Katherine floated massive in the room. Mark sat cross-legged beside her on the floor, cradling sparrow and perch. “Fine then,” he said, resting his head. She was already deeping down into the planks and spreading across the room, broadening strong along the wood and becoming the lamps and books, the walls, the door.
On the Teat
I curl under my mother’s breast and bring my lips to her teat. It gives me comfort to do this and has since before my memory.
She carries me in her arms. Her legs and back and arms are solid from years of this action and there is even a place for me, a divot in her arms and stomach, where my body fits like a shell. I suckle while she speaks of how the span of one’s individual memory functions in the same way as a vinyl record, that there is a distinct moment when the needle is placed — by God, she supposes — and the music begins. Assuming all goes well, she says, stroking my hair.
Her own needle was placed forty years ago, at the moment of my conception. I had just begun walking when she first knew my genius. My mind was in a developmental stage akin to a rock rolling down a steep hill, and she was already supplementing my diet with nutrient-rich foods: smoked salmon and handfuls of blueberries, crushed flax. Each morning she gave me a bit of coffee mixed with whole milk. It was all with the idea that she would start the powerful engine early. Breakfast was followed by her special blend of math tutoring and recitation practice, wherein I would recite a poem after each time I had properly summed a fraction. And then our lunch, where she would drink a chilled glass of sugar water and I would lie down and latch easily. Even then I could feel a groove of skin growing in a place under her arm, the fleshy lip hooking over my chest and holding me close. And so the years passed.
I was happy with the life we made, but she decided she wanted to find me a bride.
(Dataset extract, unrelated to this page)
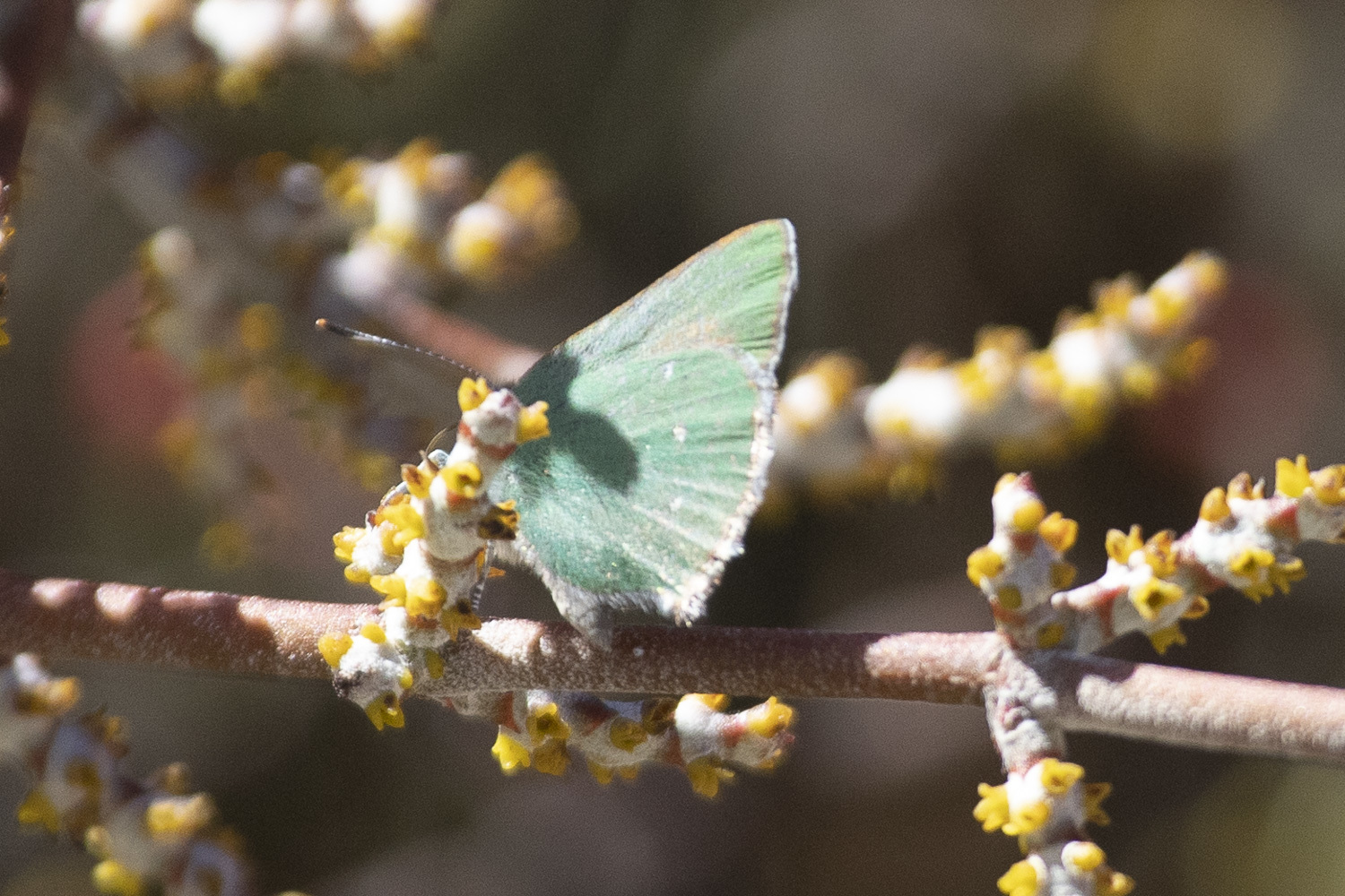 Callophrys dumetorum | species | Phoradendron californicum | species | visitsFlowersOf | Animalia | Arthropoda | Insecta | Lepidoptera | Lycaenidae | Callophrys | Plantae | Tracheophyta | Magnoliopsida | Santalales | Viscaceae | Phoradendron | 33.650542 | -116.491933 | 2021 | 4 | 2 | http://creativecommons.org/licenses/by-nc/4.0/ | https://www.inaturalist.org/observations/72850904 | |

I laughed a little, milk spittling around my mouth, but she didn’t return my laughter. She said there would be a time when we could not enjoy these long afternoons and I would be in the world alone. She said her heart broke to think of me out there, wandering. The milk in my mouth took on the salty tinge of the tears she had absorbed.
I said Think of the myth of the pair becoming a tree, of an old couple looking out the same window while they share a silent song. We have each other.
But not for long, she said.
And so we auditioned prospective girlfriends. They sat on my mother’s couch, either too fat or too thin, too pretty or too grotesque. One was focused on the trajectory of her career, while another was practically bovine in her interest in children. A girl played with her hands in her lap, claiming her girlfriends talked her into the whole thing. It was a disaster.
Mother had been making notes in a book, but had taken to facing the wall during the interviews and at the latest girl stopped responding entirely. I told them all to clear out when I saw that she had begun to shudder. I stumbled to her feet, pushing my face into her lap, kneading her stomach and breast like a cat.
She clutched the arms of her chair, quaking so violently it seemed as if a spirit was leaving or entering her. These fucking women, she said. I reached for my divot, blindly trying to soothe her. She pushed me away but I pressed on, wrenching free the buttons of her blouse and drawing her breast roughly into my mouth. She screamed at the pressure of my teeth but quickly calmed and fell asleep in my arms. I held her, dipping my head to reach.